Trump says Kamala Harris should be prosecuted for border actions

Trump says Kamala Harris should be prosecuted for border actions

ERIE, Pa. — Former President Donald Trump said during a rally here Sunday that Vice President Kamala Harris should be “impeached and prosecuted” for her actions related to the southern U.S. border.

He argued that people were “murdered because of her action at the border, and thousands more will follow in rapid succession,” adding, “She should be impeached and prosecuted for her actions.”

Trump’s comments came after she visited the U.S.-Mexico border last week.

Trump’s call to prosecute Harris comes as he has increasingly threatened to go after other political foes if he is elected. He has talked about jailing Facebook founder Mark Zuckerberg and discussed possibly carrying out election fraud prosecutions against election officials, donors and operatives.
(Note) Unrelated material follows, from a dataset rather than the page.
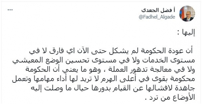 وأوضح في تغريدة عبر "تويتر"، اليوم، أن: "عودة الحكومة لم يشكل حتى الآن أي فارق لا في مستوى الخدمات ولا في مستوى تحسين الوضع المعيشي ولا في معالجة تدهور العملة".

Trump also lobbed personal attacks at Harris on Sunday, echoing comments from his rally the day before, at which he called the vice president “mentally disabled” and “mentally impaired.”

Since Harris took over as the Democratic presidential nominee, Trump has gone after her in personal terms, often based around her race and gender.
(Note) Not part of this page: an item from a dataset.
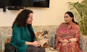जयपुर, 3 फरवरी। उप मुख्यमंत्री दिया कुमारी से सोमवार को उप मुख्यमंत्री कार्यालय में स्विस राजदूत माया तिस्साफी ने शिष्टाचार मुलाकात की। इस दौरान राज्य सरकार एवं स्विस सरकार के संयुक्त तत्वावधान में प्रदेश में पर्यटन को बढ़ावा देने के लिए शॉर्ट टर्म स्किल डवलपमेंट कोर्स संचालित करने, एडवेंचर ट्यूरिज्म को बढ़ावा देने में सहयोग करने पर विस्तृत चर्चा हुई। इसके साथ ही ट्रेफिक मैनेजमेंट, वेस्ट मैनेजमेंट, सैनिटेशन आदि क्षेत्रों में तकनीकी सहयोग पर भी दोनों के बीच में सकारात्मक चर्चा हुई।

When discussing the border, Harris has often pointed to Trump’s role in quashing a bipartisan border deal in Congress in February, which Democrats and several Republicans have said would have addressed aspects of the issue that he frequently invokes on the campaign trail.

“Even though Donald Trump tried to sabotage the border security bill, it is my pledge to you that as president of the United States, I will bring it back up and proudly sign it into law,” Harris said last week.

Donald Trump
Donald Trump arrives onstage to speak during a campaign event at the Bayfront Convention Center in Erie, Pa., on Sunday Sept. 29, 2024.Dustin Franz / AFP-Getty Images

An NBC News poll conducted this month found that 54% of registered voters thought Trump would better handle securing the border and controlling immigration, compared with 33% who said the same of Harris. Trump has worked to capitalize on those figures, frequently attempting to pin millions of illegal border crossings since President Joe Biden took office on Harris and terming her the administration’s “border czar.”

Trump’s comments about Harris’ mental fitness echoed attacks he made a day earlier at another rally in Wisconsin.

“Joe Biden became mentally impaired. Kamala was born that way,” Trump falsely claimed on Saturday.

“Think about it: Only a mentally disabled person could have allowed this to happen to our country,” he added. “Anybody would know this.”

On Sunday, Trump doubled down, saying, “Crooked Joe Biden became mentally impaired — sad. But lying Kamala Harris, honestly, I believe she was born that way.”

Minutes later, he called Harris a “stupid person,” and the crowd responded with chants of “lock her up.”

When asked for clarification about Trump’s comments about Harris’ mental state, Trump campaign spokesperson Steven Cheung said that Harris is “wholly unfit to serve as president, as evidenced by the shocking ICE numbers that were released last week detailing her abhorrent dereliction of duty of not securing the border allowing murderers, rapists, and convicted criminals to pour into our country to terrorize communities.”

Data from Immigration and Customs Enforcement said that 13,000 migrants convicted of homicide are living in the U.S. outside of immigration detention. A spokesperson for the Department of Homeland Security told NBC News that the data goes back four decades, predating the Biden administration.

NBC News has reached out to the Harris campaign for comment on Trump’s Sunday remarks.

In a Saturday statement on Trump’s rally that day, Harris campaign spokesperson Sarafina Chitika said that Trump has “nothing ‘inspiring’ to offer the American people, just darkness.”

“The American people deserve better than Trump’s bleak, backward-looking Project 2025 agenda,” she added.

Some Republicans also pushed back on Trump’s Saturday comments.

When asked by ABC News whether he approved of Trump’s language invoking “mentally impaired” and “mentally disabled,” House Majority Whip Tom Emmer, R-Minn., said, “I think we should stick on the issues.”

Sen. Lindsey Graham, R-S.C., was confronted with a clip of Trump’s remarks during an interview on CNN.

“I just think the better course to take is to prosecute the case that her policies are destroying the country, they’re crazy liberal,” he said.

Former Maryland Gov. Larry Hogan, a Republican who is running for Senate, said in a CBS News interview that Trump’s comments were “insulting, not only to the vice president, but to people that actually do have mental disabilities.”

Hogan, whose prospects of winning in blue Maryland would likely be weakened if he were associated with the former president, has said that neither Trump nor Harris has “earned my vote.”

Jake Traylor reported from Erie. Megan Lebowitz reported from Washington, D.C.